▸ **Activity**
Return exactly the lines below, starting with the one that has "Hiermit laden wir" and going on through the one that has "その写真には、友達が自分の顔".

▸ **Data listing**
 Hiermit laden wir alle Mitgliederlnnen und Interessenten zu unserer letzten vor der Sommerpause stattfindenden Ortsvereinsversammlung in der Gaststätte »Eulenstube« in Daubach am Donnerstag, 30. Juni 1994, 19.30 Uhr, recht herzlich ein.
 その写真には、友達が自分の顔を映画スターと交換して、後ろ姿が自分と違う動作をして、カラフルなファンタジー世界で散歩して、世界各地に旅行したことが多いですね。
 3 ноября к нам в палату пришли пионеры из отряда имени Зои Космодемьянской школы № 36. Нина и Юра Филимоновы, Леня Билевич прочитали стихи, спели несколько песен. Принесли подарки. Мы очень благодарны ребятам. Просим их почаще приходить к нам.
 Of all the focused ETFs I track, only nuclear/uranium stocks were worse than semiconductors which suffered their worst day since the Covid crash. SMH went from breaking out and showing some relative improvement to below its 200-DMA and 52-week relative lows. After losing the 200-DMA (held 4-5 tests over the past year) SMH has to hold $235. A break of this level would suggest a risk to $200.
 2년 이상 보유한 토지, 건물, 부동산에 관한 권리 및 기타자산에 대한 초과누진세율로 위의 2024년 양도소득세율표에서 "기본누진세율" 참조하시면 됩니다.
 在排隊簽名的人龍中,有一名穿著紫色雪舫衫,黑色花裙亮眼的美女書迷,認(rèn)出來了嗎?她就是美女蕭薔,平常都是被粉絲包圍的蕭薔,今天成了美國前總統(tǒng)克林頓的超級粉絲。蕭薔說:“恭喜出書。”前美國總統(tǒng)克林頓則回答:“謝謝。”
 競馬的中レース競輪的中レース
...
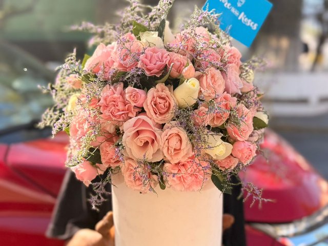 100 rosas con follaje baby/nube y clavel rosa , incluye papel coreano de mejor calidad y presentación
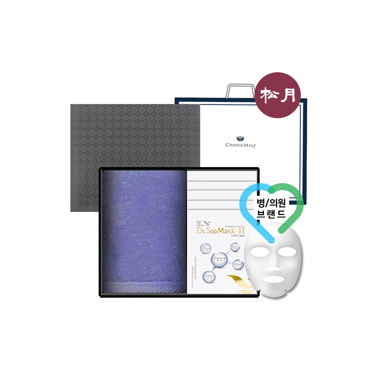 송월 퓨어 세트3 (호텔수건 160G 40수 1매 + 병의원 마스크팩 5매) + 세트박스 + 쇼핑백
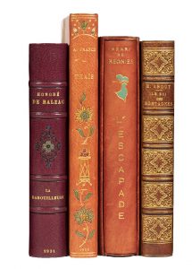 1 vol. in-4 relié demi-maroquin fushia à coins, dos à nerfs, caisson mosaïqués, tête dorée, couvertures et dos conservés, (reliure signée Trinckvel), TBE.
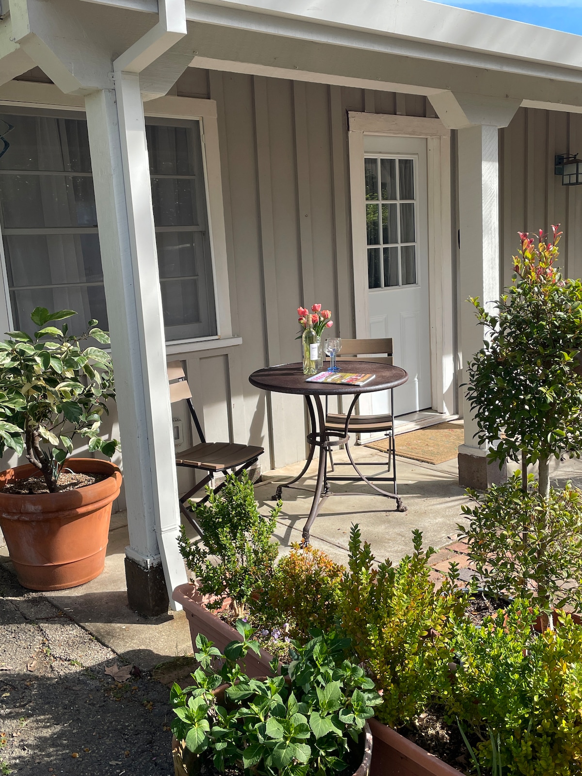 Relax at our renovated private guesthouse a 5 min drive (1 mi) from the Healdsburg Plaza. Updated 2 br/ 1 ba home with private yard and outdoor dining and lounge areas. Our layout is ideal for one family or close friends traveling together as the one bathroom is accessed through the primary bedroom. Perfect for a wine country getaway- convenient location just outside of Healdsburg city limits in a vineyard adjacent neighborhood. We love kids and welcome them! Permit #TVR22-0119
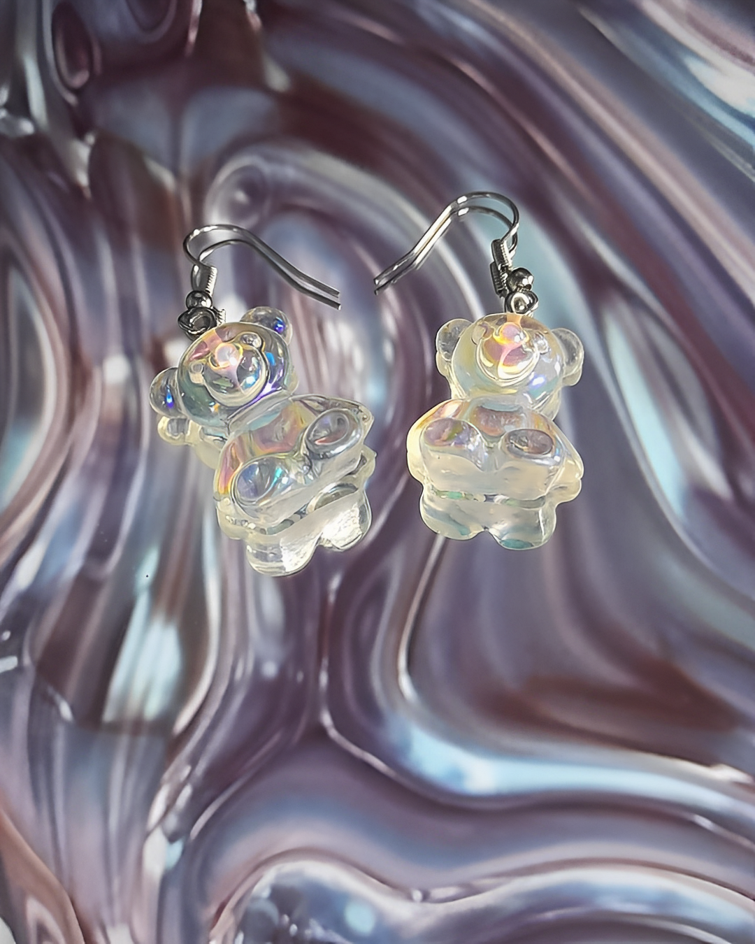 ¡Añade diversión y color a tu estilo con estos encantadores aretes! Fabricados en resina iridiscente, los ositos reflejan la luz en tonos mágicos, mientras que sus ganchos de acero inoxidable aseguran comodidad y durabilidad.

▸ **Finished task**
 Hiermit laden wir alle Mitgliederlnnen und Interessenten zu unserer letzten vor der Sommerpause stattfindenden Ortsvereinsversammlung in der Gaststätte »Eulenstube« in Daubach am Donnerstag, 30. Juni 1994, 19.30 Uhr, recht herzlich ein.
 その写真には、友達が自分の顔を映画スターと交換して、後ろ姿が自分と違う動作をして、カラフルなファンタジー世界で散歩して、世界各地に旅行したことが多いですね。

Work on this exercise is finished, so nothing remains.